# Matching drywall ceiling texture



## NailedIt

WOW! I can't believe I see an exact matching texture to what I just covered up on my project. I thought it must have been some sponge dabbed homeowner stuff. Hmm... I layered some 3/8" sheetrock over a ceiling just today that looked EXACTLY like that. I convinced my family that I "couldn't" match that texture so it HAD to be covered up or torn down...


----------



## Paragon

Slapbrush (Slap Brush) Texture : This was a popular ceiling and wall texture which also goes by the name crows feet and pandas paw. It is not as popular today as it once was but you will find it on many older homes. To apply this texture, you will roll joint compound onto the ceiling and then stamp it with a special brush. The brush is commonly available at most home improvement stores. 

Hope this helps and your biggest challenge is going to be to match the technique and not the tool. Like I said earlier the brush is common the technique is unique. Get the tools and practice until you have a match and then go at it.

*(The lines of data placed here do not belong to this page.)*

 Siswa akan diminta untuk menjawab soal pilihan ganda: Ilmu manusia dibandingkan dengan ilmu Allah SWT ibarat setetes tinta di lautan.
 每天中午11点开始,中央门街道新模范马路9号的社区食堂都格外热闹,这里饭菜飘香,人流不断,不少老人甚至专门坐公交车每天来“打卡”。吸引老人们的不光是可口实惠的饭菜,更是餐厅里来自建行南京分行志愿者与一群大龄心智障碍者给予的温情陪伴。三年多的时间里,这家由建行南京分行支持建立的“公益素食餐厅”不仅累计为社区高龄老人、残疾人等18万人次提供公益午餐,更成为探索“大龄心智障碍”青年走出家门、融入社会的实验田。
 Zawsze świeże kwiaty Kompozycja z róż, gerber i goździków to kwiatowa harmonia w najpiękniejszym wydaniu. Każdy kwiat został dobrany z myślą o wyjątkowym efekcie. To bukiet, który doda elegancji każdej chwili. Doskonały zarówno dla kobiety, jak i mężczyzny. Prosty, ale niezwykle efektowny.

...or you can scrape it off and redo it or cover it up.

Good luck, be safe!


----------



## roger35768

Thanks for the reply, but not much help. I know the half dozen names it is called and how it is applied, but I don't know the brush type. My Home Depot has one brush type, which I tried, no match. There are about a dozen different types of brushes on the web. I did not want to buy them all. Was hoping someone would know the specific brush type used.

Roger


----------



## Gary in WA

According to this site, it is a slapbrush (round), as Paragon said. But different than a panda's paw, at least in the results. See below.


----------



## Gary in WA

Here it is called slapbrush (round), a little diferent than their panda's paw: 
http://bayprofessionalservices.com/texture.htm Hold *control *and hit *+ *key repeatedly to enlarge.

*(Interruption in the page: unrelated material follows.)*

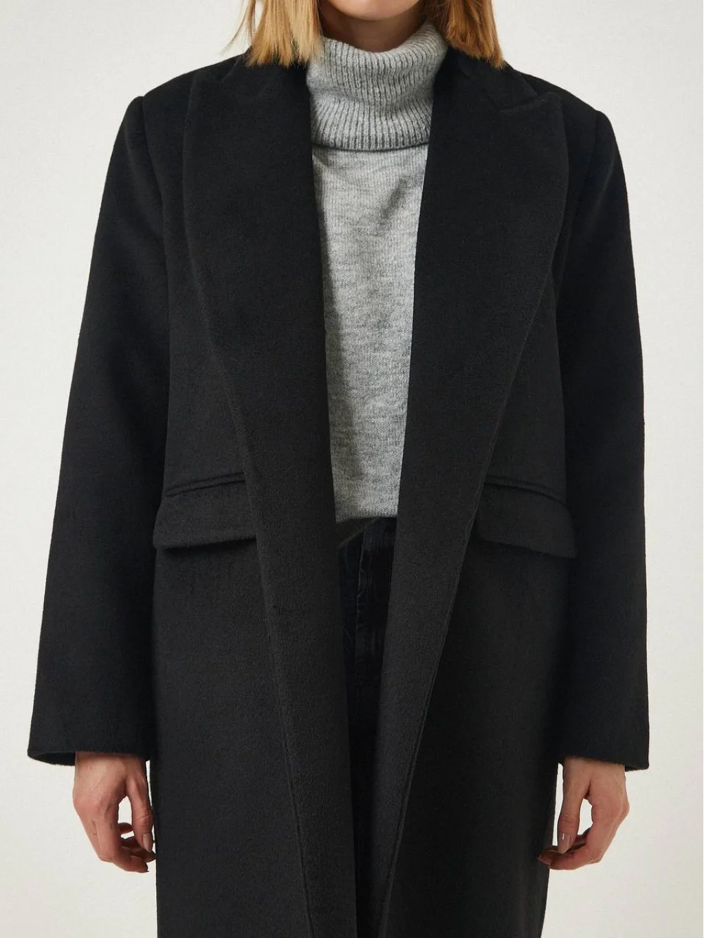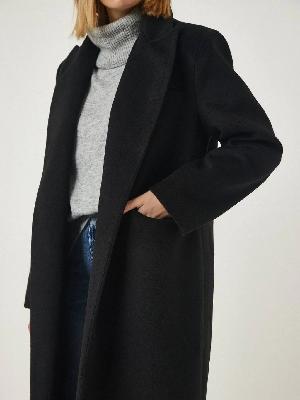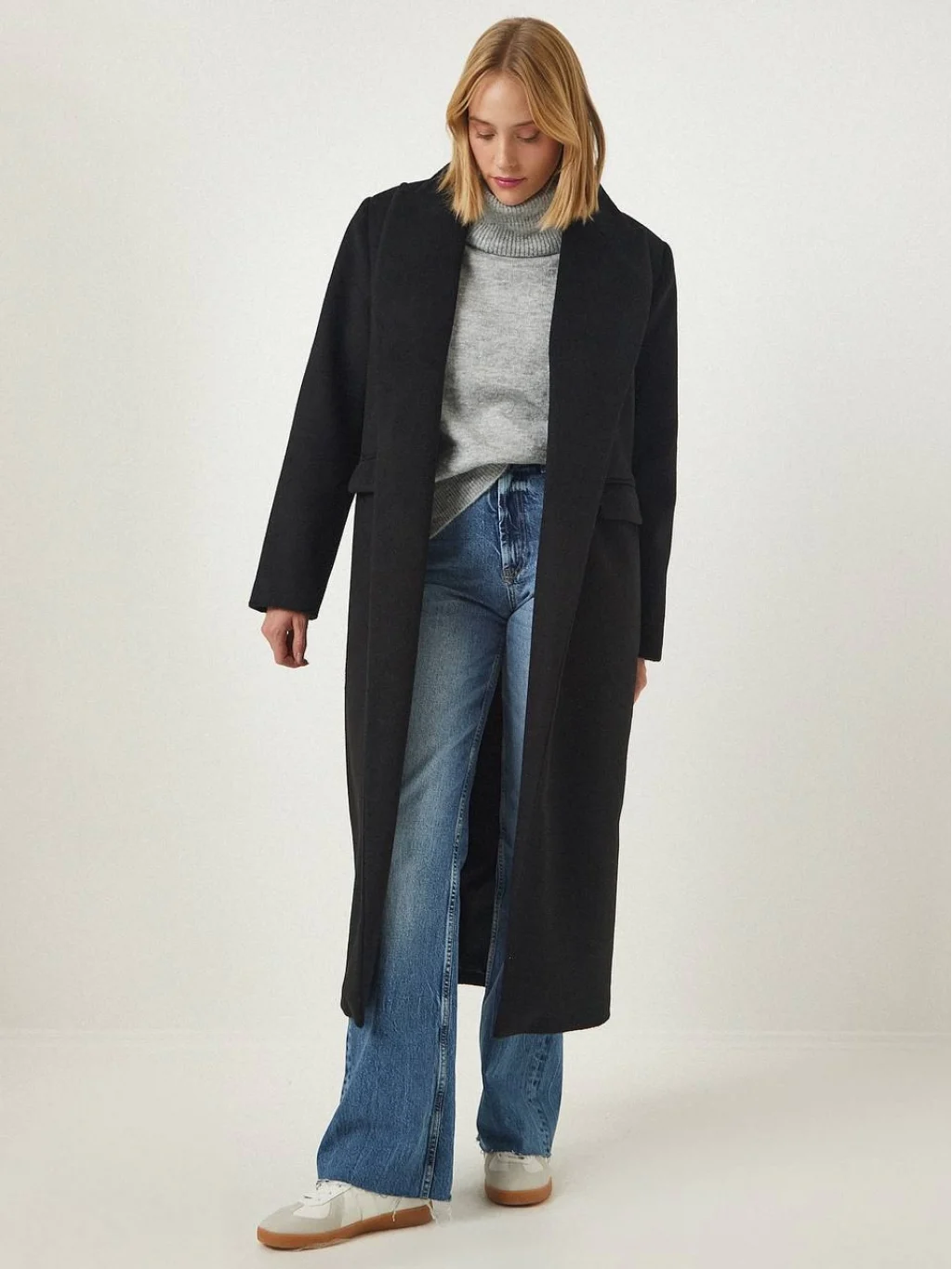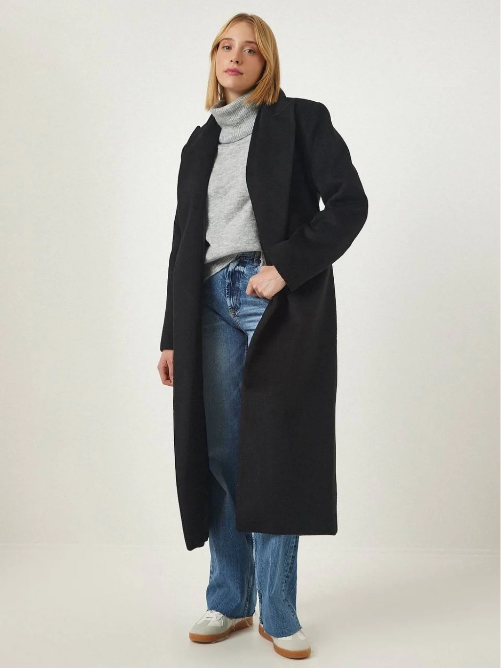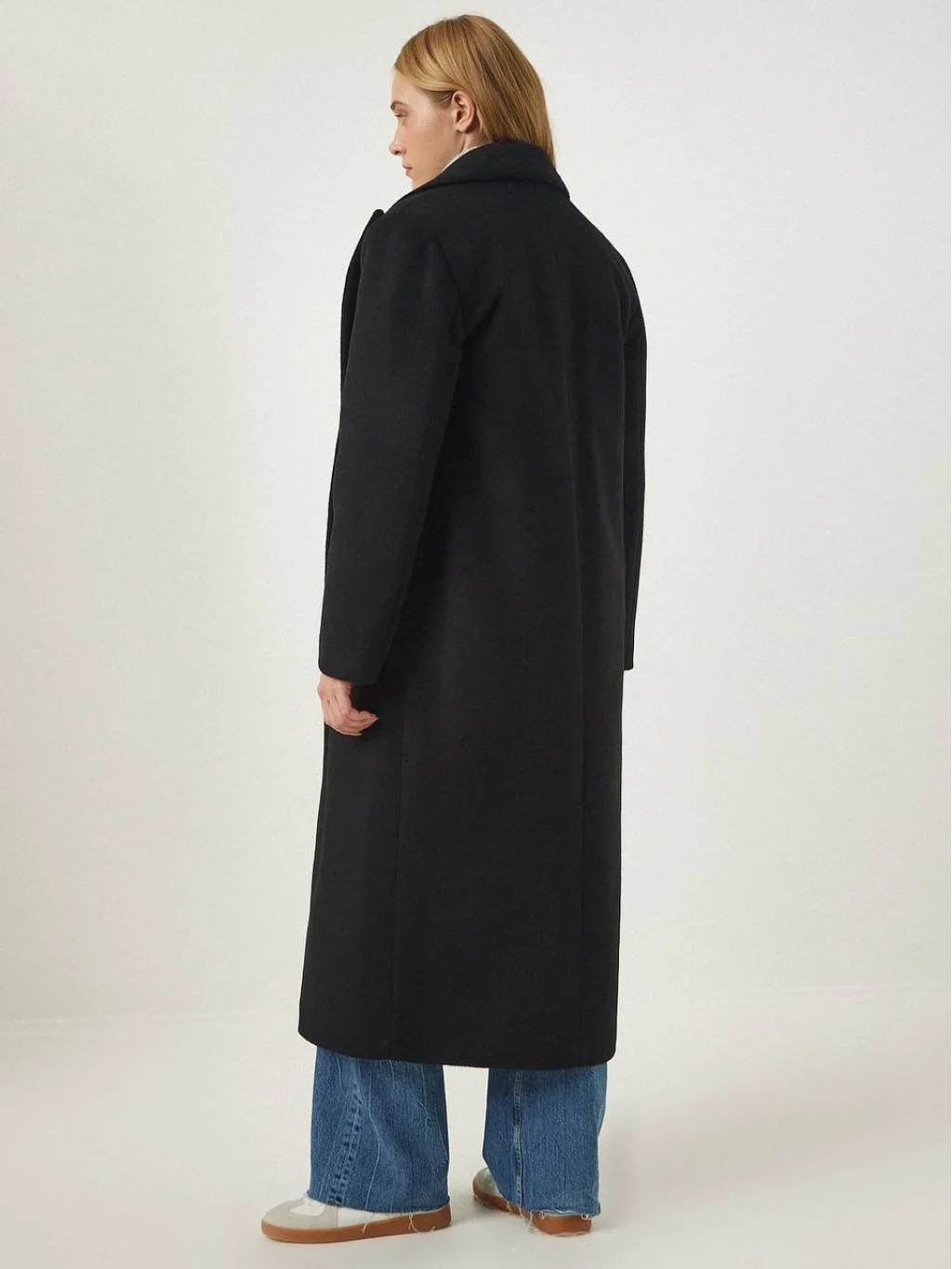 TOKYO YAKALI UZUN YÜN KABAN SİYAH

Here are some tips and the brush: http://forum.doityourself.com/archive/index.php/t-188448.html

Let us know how it turns out!!
Be safe, G


----------



## stuart45

Most of the tradesmen who do Artex finishes say that it is like handwriting, and even a simple pattern like broken leather varies from one man to the next. This makes matching really difficult, even for experienced trademen. The old artex used to contain asbestos.


----------



## Paragon

Roger,

I am not sure you understand that it is impossible for us to tell you the specific size of the brush, the how to or the where to buy from a sample picture that is not even your texture but is a likeness to yours. I think you have identified the texture at a website and if you want to get an approximate match it may take trial and error on your part. If you want someone else to practice the trial and error hire a person and if they are a skilled tradesman they MIGHT again I emphasize MIGHT be able to get it "close enough".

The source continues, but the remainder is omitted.